■ **DIRECTIONS**:
In the records below, begin at the line that has "US gov’t (USDA)" and stop after the line that has "주체별 순매수 방향을"; quote those lines verbatim and nothing more.
-*-
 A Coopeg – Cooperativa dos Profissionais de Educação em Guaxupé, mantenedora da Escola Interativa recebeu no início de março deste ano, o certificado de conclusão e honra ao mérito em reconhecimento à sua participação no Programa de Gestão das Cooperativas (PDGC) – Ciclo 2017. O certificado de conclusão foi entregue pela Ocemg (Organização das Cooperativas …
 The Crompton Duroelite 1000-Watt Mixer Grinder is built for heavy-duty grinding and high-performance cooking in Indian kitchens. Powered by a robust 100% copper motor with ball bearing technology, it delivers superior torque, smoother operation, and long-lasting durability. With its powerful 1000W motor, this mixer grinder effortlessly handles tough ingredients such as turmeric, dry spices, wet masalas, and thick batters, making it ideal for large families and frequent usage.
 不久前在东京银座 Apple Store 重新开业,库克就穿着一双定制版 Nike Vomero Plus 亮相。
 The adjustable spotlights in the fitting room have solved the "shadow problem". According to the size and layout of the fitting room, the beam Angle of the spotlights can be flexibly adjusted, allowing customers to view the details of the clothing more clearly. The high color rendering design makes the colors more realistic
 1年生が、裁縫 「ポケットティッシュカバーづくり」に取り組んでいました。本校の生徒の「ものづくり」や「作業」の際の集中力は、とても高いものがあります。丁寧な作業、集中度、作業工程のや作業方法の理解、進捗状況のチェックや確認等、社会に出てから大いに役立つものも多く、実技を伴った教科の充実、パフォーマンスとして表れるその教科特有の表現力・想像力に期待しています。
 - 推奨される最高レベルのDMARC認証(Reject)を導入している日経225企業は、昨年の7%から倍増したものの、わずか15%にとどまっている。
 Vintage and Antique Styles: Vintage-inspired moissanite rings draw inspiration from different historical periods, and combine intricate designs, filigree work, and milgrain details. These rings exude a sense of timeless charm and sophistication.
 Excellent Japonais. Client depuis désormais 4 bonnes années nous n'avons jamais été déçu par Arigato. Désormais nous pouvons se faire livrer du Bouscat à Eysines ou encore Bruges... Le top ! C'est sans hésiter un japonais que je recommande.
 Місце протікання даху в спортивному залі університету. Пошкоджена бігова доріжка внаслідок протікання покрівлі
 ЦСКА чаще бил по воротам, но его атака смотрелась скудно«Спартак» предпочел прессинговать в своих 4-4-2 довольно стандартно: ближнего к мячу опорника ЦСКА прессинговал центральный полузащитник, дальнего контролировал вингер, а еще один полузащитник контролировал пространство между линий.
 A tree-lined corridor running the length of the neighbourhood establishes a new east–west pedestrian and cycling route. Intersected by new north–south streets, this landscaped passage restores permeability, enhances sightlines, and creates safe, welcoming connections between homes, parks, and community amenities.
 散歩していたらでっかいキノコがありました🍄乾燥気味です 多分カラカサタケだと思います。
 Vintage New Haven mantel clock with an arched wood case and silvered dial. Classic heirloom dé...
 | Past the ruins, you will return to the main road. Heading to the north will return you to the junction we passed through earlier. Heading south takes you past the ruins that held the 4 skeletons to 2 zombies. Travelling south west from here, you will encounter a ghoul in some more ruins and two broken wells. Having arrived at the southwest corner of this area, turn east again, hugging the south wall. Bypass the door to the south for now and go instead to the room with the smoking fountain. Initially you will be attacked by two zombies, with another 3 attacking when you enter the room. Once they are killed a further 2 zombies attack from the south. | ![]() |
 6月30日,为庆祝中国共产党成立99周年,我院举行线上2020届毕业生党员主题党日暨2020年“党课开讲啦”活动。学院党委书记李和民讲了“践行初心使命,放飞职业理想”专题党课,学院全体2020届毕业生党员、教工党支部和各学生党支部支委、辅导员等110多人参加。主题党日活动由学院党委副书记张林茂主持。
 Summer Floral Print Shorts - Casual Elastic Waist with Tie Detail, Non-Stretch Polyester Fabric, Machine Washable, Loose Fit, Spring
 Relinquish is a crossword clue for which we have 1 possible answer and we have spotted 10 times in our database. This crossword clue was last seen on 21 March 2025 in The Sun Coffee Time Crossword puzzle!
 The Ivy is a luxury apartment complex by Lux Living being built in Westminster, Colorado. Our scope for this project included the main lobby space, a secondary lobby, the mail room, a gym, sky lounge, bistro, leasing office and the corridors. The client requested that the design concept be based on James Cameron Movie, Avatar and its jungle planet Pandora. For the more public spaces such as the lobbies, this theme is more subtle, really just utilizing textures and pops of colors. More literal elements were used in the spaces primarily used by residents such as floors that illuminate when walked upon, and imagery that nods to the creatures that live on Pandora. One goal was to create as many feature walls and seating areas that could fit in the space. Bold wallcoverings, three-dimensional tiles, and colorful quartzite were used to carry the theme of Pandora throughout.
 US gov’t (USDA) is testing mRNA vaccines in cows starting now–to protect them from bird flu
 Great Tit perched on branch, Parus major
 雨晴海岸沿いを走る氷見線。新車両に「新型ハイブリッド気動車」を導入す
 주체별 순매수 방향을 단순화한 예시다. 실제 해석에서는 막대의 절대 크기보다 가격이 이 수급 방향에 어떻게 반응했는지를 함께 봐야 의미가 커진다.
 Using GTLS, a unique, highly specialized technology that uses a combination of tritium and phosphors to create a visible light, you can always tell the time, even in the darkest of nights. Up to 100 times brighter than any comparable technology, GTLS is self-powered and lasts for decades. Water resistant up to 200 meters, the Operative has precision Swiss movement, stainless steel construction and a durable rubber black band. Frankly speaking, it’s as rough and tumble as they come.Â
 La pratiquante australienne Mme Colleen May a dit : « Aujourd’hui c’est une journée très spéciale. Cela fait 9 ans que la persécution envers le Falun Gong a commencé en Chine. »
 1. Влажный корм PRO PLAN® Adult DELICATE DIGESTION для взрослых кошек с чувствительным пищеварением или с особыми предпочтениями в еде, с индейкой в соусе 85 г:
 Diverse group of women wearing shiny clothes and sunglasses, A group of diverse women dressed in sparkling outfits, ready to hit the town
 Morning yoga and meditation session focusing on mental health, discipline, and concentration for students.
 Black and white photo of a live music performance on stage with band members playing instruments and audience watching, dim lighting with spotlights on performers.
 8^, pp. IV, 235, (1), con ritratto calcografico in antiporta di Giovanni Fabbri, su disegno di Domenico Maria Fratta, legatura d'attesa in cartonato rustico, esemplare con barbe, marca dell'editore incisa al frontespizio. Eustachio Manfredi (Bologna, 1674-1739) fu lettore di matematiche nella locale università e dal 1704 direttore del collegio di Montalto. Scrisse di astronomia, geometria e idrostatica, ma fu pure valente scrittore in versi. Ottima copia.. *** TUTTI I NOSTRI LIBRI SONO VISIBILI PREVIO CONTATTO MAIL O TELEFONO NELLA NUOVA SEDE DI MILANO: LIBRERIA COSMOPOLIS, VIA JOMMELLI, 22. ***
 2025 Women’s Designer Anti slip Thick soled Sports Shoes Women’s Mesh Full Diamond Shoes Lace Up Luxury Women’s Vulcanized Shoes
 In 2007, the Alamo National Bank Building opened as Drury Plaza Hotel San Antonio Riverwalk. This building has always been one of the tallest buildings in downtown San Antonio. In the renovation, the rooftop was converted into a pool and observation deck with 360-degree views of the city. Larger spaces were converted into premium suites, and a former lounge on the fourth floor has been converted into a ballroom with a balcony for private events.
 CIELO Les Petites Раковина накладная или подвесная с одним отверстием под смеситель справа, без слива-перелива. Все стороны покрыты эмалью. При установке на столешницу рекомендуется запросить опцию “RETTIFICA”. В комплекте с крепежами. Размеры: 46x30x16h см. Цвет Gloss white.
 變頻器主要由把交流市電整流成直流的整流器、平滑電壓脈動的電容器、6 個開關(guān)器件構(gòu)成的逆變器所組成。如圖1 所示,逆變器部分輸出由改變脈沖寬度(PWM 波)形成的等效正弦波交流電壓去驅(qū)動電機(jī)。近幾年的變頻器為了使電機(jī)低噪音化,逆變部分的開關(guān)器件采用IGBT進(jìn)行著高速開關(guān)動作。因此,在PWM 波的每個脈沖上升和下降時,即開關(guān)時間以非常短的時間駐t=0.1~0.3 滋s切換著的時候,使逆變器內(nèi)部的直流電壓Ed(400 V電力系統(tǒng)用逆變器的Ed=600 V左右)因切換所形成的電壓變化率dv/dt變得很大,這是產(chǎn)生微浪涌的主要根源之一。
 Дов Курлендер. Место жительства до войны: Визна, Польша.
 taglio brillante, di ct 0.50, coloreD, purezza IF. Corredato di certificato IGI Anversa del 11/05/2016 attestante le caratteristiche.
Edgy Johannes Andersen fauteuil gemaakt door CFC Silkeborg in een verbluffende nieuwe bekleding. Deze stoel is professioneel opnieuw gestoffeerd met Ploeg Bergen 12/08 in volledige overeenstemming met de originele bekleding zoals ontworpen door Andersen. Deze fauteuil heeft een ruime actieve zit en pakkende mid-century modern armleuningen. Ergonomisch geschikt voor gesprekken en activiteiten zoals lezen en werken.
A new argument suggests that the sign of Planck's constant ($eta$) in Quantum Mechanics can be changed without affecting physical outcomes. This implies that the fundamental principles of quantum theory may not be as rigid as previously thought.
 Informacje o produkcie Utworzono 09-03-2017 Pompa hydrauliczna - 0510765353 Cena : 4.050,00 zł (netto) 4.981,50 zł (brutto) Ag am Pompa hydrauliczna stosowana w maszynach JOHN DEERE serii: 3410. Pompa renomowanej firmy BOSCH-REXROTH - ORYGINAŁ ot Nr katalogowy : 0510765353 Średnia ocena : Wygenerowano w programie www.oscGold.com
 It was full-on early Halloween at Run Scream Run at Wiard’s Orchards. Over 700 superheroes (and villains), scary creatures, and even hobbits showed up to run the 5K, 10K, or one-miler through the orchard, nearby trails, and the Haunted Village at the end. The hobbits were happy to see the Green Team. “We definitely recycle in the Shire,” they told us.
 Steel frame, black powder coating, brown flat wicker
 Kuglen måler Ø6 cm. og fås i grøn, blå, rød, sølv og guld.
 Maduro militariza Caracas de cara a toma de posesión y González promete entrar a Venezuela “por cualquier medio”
-*-
■ **WRITTEN SOLUTION**:
 US gov’t (USDA) is testing mRNA vaccines in cows starting now–to protect them from bird flu
 Great Tit perched on branch, Parus major
 雨晴海岸沿いを走る氷見線。新車両に「新型ハイブリッド気動車」を導入す
 주체별 순매수 방향을 단순화한 예시다. 실제 해석에서는 막대의 절대 크기보다 가격이 이 수급 방향에 어떻게 반응했는지를 함께 봐야 의미가 커진다.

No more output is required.